Manage Merchandise Inventory With NetSuite
Manually tracking merchandise inventory with spreadsheets or pen and paper is both inefficient and error-prone. Inventory management software helps even small and midsize organizations automate merchandise inventory tracking, leading to increased productivity, fewer mistakes and an improved customer experience by having merchandise on hand. NetSuite Inventory Management enables retailers to track inventory in real time wherever it is located: at warehouses, retail stores and logistics providers. It provides companywide visibility that enables retailers to optimize their inventory processes, better manage stock, decrease cost of goods sold, and boost profitability. Real-time analytics help businesses monitor trends, quickly spot problems and drive better performance over time.
For retailers, distributors and wholesalers, efficiently tracking and managing merchandise inventory is critical to the company’s financial health. Applying inventory management software can help companies decrease expenses, increase profitability and improve customer satisfaction.
Merchandise Inventory FAQ
What is an example of merchandise inventory?
Merchandise inventory is the cost of finished goods (COGS) that a retailer or wholesaler has available to sell to its customers during a given accounting period. For a bookstore, merchandise inventory would include the cost of the books or magazines it has for sale. For an automobile dealer, it would be the cost of cars and trucks.
Is merchandise inventory an asset?
Yes. Merchandise inventory is considered a current asset. Current assets are assets that the company expects to sell or consume within a year.
What type of account is merchandise inventory?

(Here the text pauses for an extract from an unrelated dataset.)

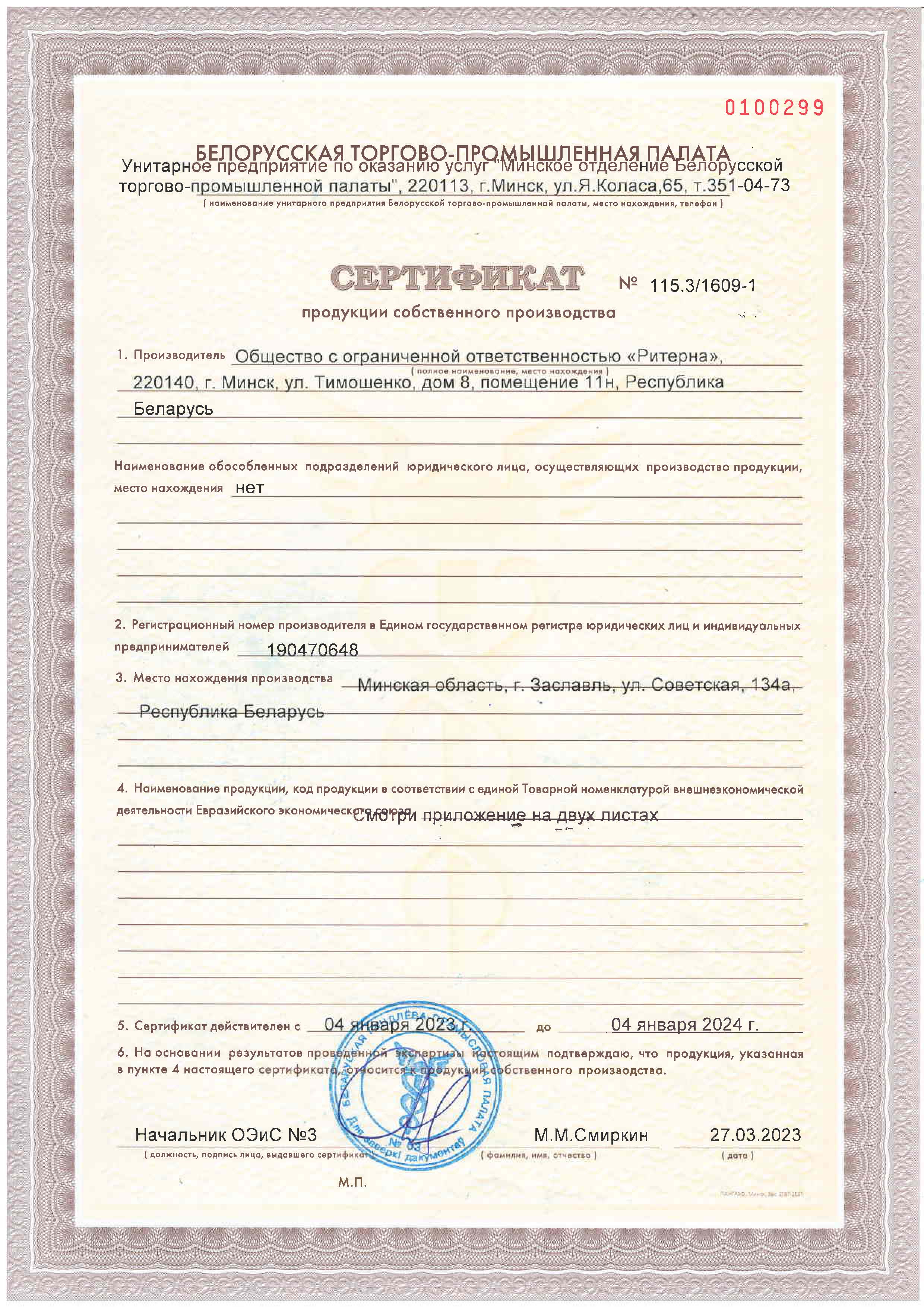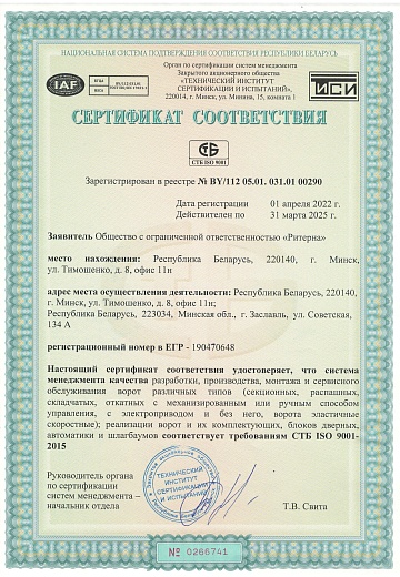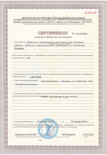 ООО «Ритерна» регулярно проходит процедуры сертификации, что гарантирует стабильное качество, надежность и соответствие продукции заявленным характеристикам.

Merchandise inventory is an asset account. Merchandise inventory is reported as a current asset on a retailer’s balance sheet. A current asset is one that will provide an economic benefit during a given accounting period, typically a year. Merchandise inventory qualifies because it is expected to be sold during a fiscal or calendar year.
Why is merchandise inventory important for accounting?
Tracking merchandise inventory is critical for retailers, wholesalers or distributors in order to accurately calculate their assets, expenses and overall profitability. For many companies, merchandise inventory is one of the biggest assets recorded on the balance sheet. When merchandise is sold, its costs are recorded as part of COGS on a company’s income statement. COGS is then used to calculate gross and net profit.
What should be included in merchandise inventory?
Merchandise inventory includes the amount the retailer or other reseller paid for the items themselves, as well as additional costs incurred by the company such as shipping, insurance and storage. Merchandise inventory includes all unsold stock that is ready for sale, whether it’s located in stores or warehouses.